Coal and Gas Sites Globally Threaten Health of 2 Billion Residents, Report Indicates
25% of the global residents dwells inside 5km of operational oil, gas, and coal sites, possibly risking the health of over 2 billion individuals as well as essential environmental systems, according to pioneering research.
Global Spread of Fossil Fuel Sites
In excess of 18.3k oil, gas, and coal mining sites are now spread across one hundred seventy states around the world, covering a large area of the Earth's surface.
Proximity to drilling wells, refineries, conduits, and other oil and gas operations raises the danger of cancer, lung diseases, cardiac problems, early delivery, and fatality, while also causing grave threats to water sources and atmospheric purity, and damaging soil.
Immediate Vicinity Hazards and Planned Growth
Nearly 463 million people, including one hundred twenty-four million youth, presently live inside 0.6 miles of fossil fuel locations, while an additional three thousand five hundred or so new facilities are presently proposed or being built that could require one hundred thirty-five million further individuals to face fumes, burning, and leaks.
Most functioning operations have established pollution concentrated areas, transforming nearby neighborhoods and critical ecosystems into often termed expendable regions – highly contaminated locations where poor and marginalized communities carry the unequal load of proximity to toxins.
Health and Environmental Consequences
The report outlines the harmful health consequences from mining, processing, and shipping, as well as illustrating how leaks, flares, and building destroy priceless environmental habitats and undermine individual rights – especially of those living near petroleum, natural gas, and coal infrastructure.
The report emerges as world leaders, not including the US – the greatest past source of carbon emissions – assemble in Belém, Brazil, for the thirtieth environmental talks in the context of growing concern at the limited movement in phasing out coal, oil, and gas, which are causing environmental breakdown and rights abuses.
"The fossil fuel industry and their state sponsors have maintained for a long time that economic growth requires fossil fuels. But it is clear that in the name of economic growth, they have instead served greed and earnings without limits, violated entitlements with near-complete exemption, and destroyed the atmosphere, natural world, and marine environments."

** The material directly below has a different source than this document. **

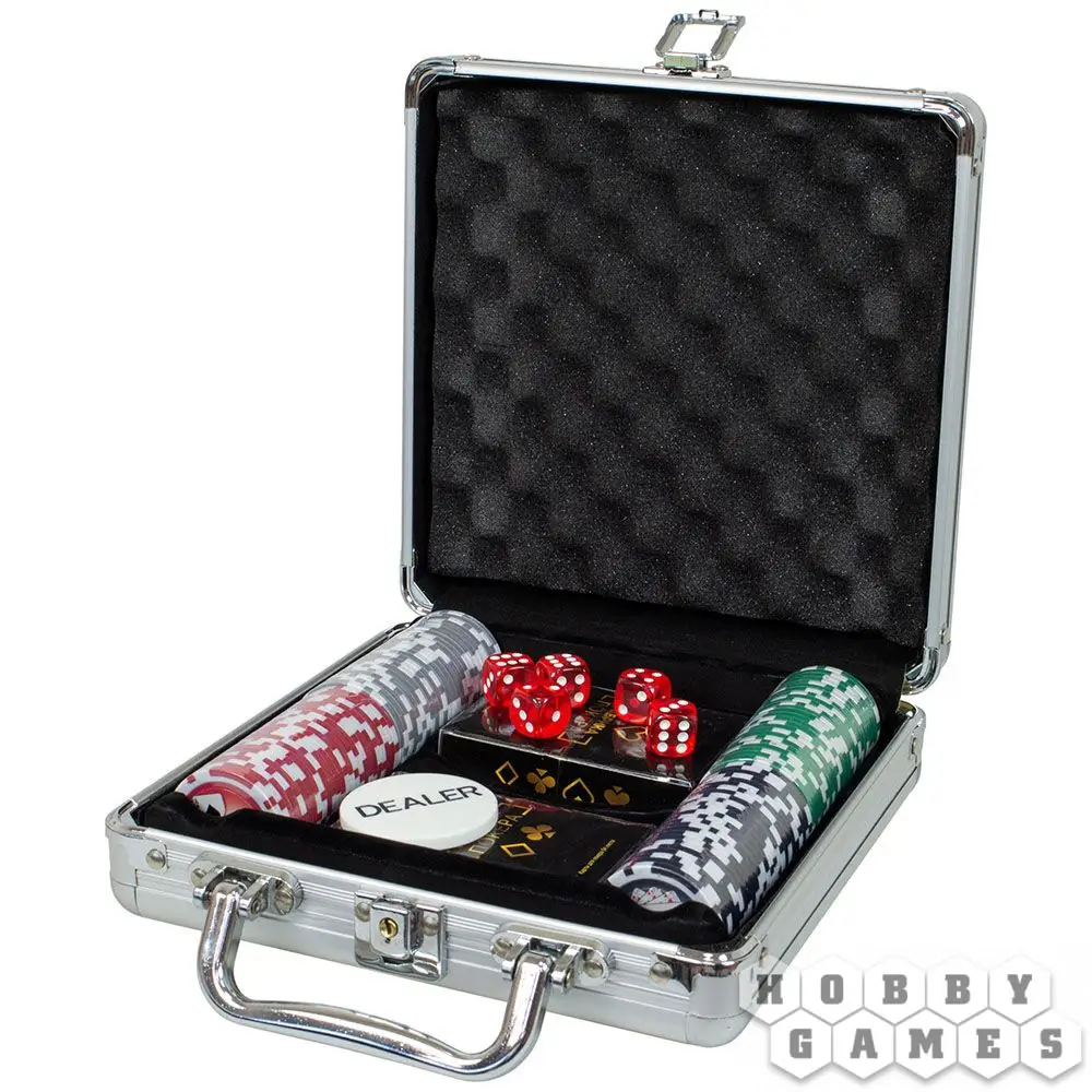 В данном комплекте вы найдёте всё необходимое для игры в классический покер. Внутри вы найдёте 100 стандартных фишек для профессиональной игры (11,5 гр.), фишку дилера, 2 колоды игральных карт, соответствующих качеству карт казино, а также 5 игральных костей. Все компоненты убраны в элегантный и прочный алюминиевый кейс.

Global Talks and Global Urgency
The environmental summit occurs as the Philippines, the North American country, and Jamaica are suffering from superstorms that were worsened by higher atmospheric and ocean temperatures, with nations under increasing urgency to take firm steps to control fossil fuel companies and end extraction, subsidies, permits, and demand in order to follow a landmark judgment by the global judicial body.
In recent days, revelations indicated how over five thousand three hundred fifty oil and gas sector lobbyists have been allowed entry to the UN climate talks in the past four years, obstructing climate action while their employers extract unprecedented amounts of oil and gas.
Research Approach and Results
The quantitative research is founded on a groundbreaking mapping exercise by experts who cross-referenced records on the identified sites of oil and gas operations sites with population data, and records on vital ecosystems, greenhouse gas emissions, and native communities' land.
One-third of all functioning petroleum, coal, and gas facilities overlap with several key habitats such as a swamp, woodland, or aquatic network that is teeming with species diversity and vital for CO2 absorption or where ecological degradation or calamity could lead to environmental breakdown.
The real international extent is probably larger due to gaps in the documentation of oil and gas operations and incomplete population information in nations.
Natural Injustice and Indigenous Peoples
The findings demonstrate entrenched environmental unfairness and discrimination in proximity to oil, gas, and coal mining sectors.
Native communities, who represent one in twenty of the world's people, are unfairly exposed to life-shortening fossil fuel infrastructure, with one in six facilities situated on Indigenous lands.
"We endure intergenerational resistance weariness … Our bodies cannot endure [this]. We have never been the initiators but we have taken the force of all the conflict."
The spread of oil, gas, and coal has also been connected with land grabs, heritage destruction, social fragmentation, and loss of livelihoods, as well as violence, digital harassment, and lawsuits, both criminal and legal, against local representatives non-violently challenging the construction of transport lines, drilling projects, and additional facilities.